Bauprojekte enden häufig mit Kostenüberschreitungen, Verzögerungen und Streitigkeiten. Daher ist es wichtig, dass der von Ihnen vorbereitete Vertrag auf das jeweilige Projekt zugeschnitten ist, Ihre berechtigten Interessen schützt und relevante Streitbeilegung und -abwicklung vorschreibt. Ziel dieser Beschaffungsoption ist es in der Regel, dass der öffentliche Sektor eine kurzfristige Beschränkung der Mittel vermeidet. Die Bereitstellung der Finanzierung kann auch Vorteile bringen, da die Schuld dem Vermögenswert gewidmet ist (daher bietet der Finanzier eine zusätzliche Sorgfaltspflicht für das Projekt, aber nur in Bezug auf Baurisiken). Es kann zu einer größeren Übertragung des Baurisikos kommen als in einem B- oder DB-Vertrag (grundsätzlich das Risiko von Bauverzögerungen), solange die Bezahlung der Bauarbeiten erst nach Abschluss der Arbeiten (in bar) erfolgt. Ein zentrales Merkmal eines PPP-Vertrags ist, dass er mehrere Projektphasen oder Funktionen bündelt. Nichtsdestotrotz variieren die Funktionen, für die die privatparteiliche Partei verantwortlich ist, und hängen von der Art des Vermögens und der Dienstleistung ab. Typische Funktionen sind: Diese Eigenschaften können auf verschiedene Weise kombiniert werden, um eine breite Palette von PPP-Verträgen zu erstellen. Diese Verträge können als ein Kontinuum zwischen öffentlicher und privater Bereitstellung von Infrastruktur betrachtet werden, wodurch zunehmende Verantwortlichkeiten und Risiken auf den privaten Sektor übertragen werden. Diese Arten von Verträgen gelten als ÖPP für private Finanzierungen, und die meisten Informationen, die in diesem PPP-Zertifizierungsleitfaden enthalten sind, gelten für sie. Der Zahlungsmechanismus sollte so strukturiert sein, dass die Nettovergütung der Privatpartei an die Leistung gekoppelt ist.

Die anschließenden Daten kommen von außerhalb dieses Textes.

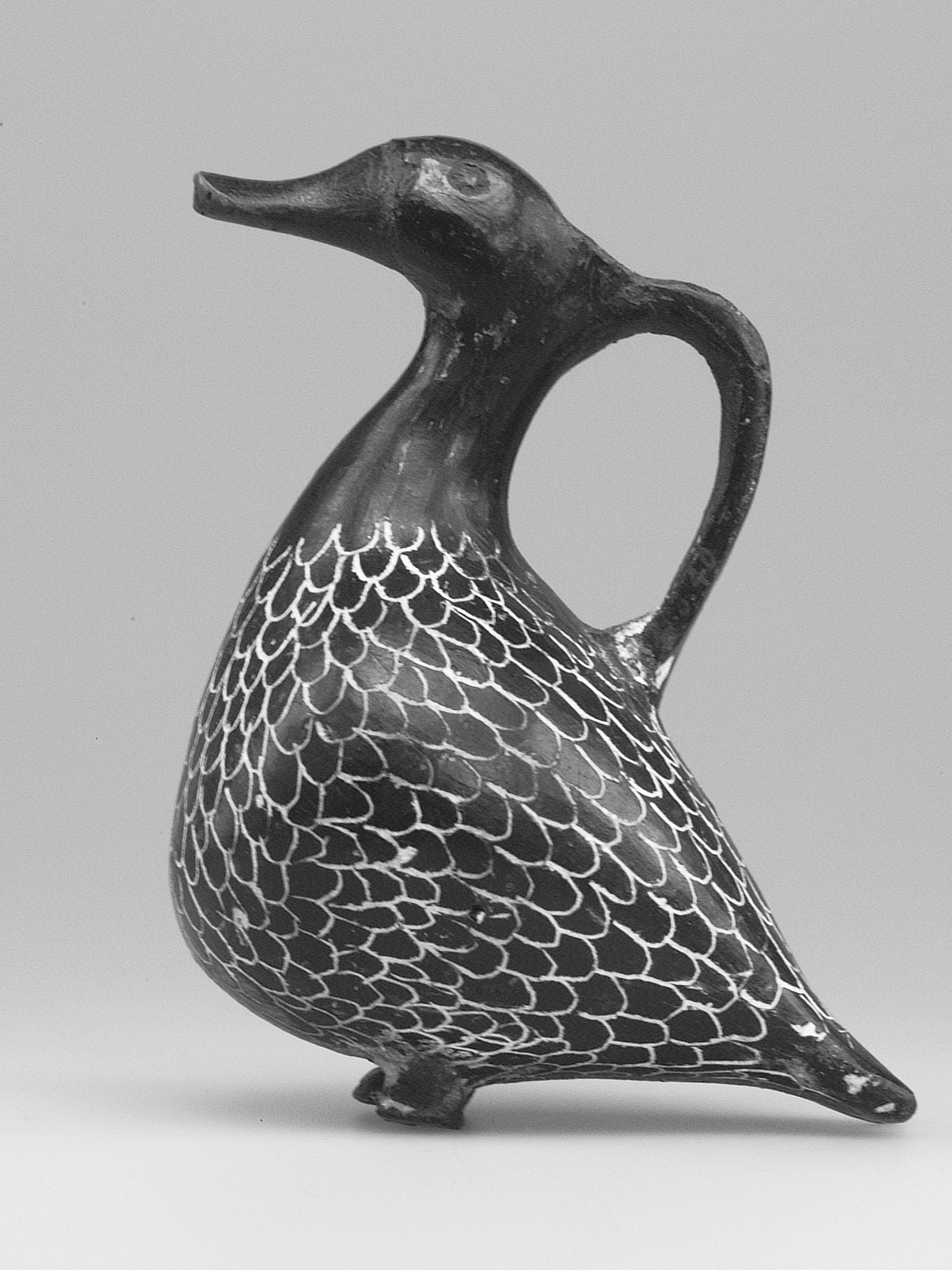 Pitcher, Yahudiya ware, duck

Damit die privathältige Partei über die richtigen Anreize verfügt, um Dienstleistungen auf dem von der Beschaffungsbehörde vorgesehenen Leistungsniveau zu erbringen, sollte ihre Vergütung ohne Kosten steigen, wenn sie sich diesen Niveaus nähert. Darüber hinaus sollten anhaltende signifikante Abweichungen von den beabsichtigten Leistungsniveaus zu einer Vertragsauflösung führen, wobei Kündigungszahlungen so gestaltet sind, dass das Beenden des Projekts für die private Partei nie eine einfache Lösung ist. In diesem Abschnitt wird ausführlicher beschrieben, wie viele PPP-Vertragstypen unter der Definition von KKP in diesem Referenzhandbuch verwendet werden. und einige der gebräuchlicheren Terminologie, die weltweit verwendet wird, um KKP zu beschreiben. Es sei darauf hingewiesen, dass keines dieser Vertragsbeispiele als KKP anzusehen ist, wenn die Einnahmen der privaten Gegenpartei auf Kosten-Plus-Basis liegen, die die tatsächlich entstandenen Kosten und nicht die vorab vereinbarten Beträge widerspiegeln. Die Zahlung auf dieser Basis birgt wenig, wenn überhaupt, Risiken. Die Regierung sollte prüfen, ob die potenziellen Vorteile des DBF-Vertrags die höheren Kosten der Finanzierung ausgleichen werden. Auch wenn das Kreditrisiko in der Regelung sehr begrenzt ist (im Wesentlichen im Zusammenhang mit Baubegriffen), wird es eine Zinsprämie gegenüber den Kosten der direkten öffentlichen Verschuldung des öffentlichen Sektors geben. Die Konzession wird für eine Reihe von Vertragsarten verwendet, wie in Delmon beschrieben (Delmon 2010, Kasten 1 auf Seite 9). In einigen Rechtsordnungen kann die Konzession eine bestimmte Art von Vertrag implizieren; während in anderen es weiter verbreitet ist.

Im PPP-Kontext wird eine Konzession hauptsächlich verwendet, um eine PPP für Benutzerzahlungen zu beschreiben. In Brasilien beispielsweise gilt das Konzessionsgesetz nur für Nutzungsverträge; ein eigenes ÖPP-Gesetz regelt Verträge, die eine gewisse Zahlung vom Staat erfordern. Auf der anderen Seite wird die Konzession manchmal als Sammelbegriff verwendet, um eine breite Palette von ÖPP-Typen zu beschreiben – beispielsweise wurden alle jüngsten ÖPP in Chile im Rahmen des Konzessionsgesetzes umgesetzt, einschließlich vollständiger Verträge über staatliche Zahlungen. Obwohl der private Sektor Finanzmittel für den Ausbau der Infrastruktur bereitstellt, unterliegt diese Finanzierung nicht materiell dem Projektleistungsrisiko – nur dem Baurisiko. Es wird also nicht als private Finanzierung für die Zwecke dieses PPP-Zertifizierungsleitfadens angesehen.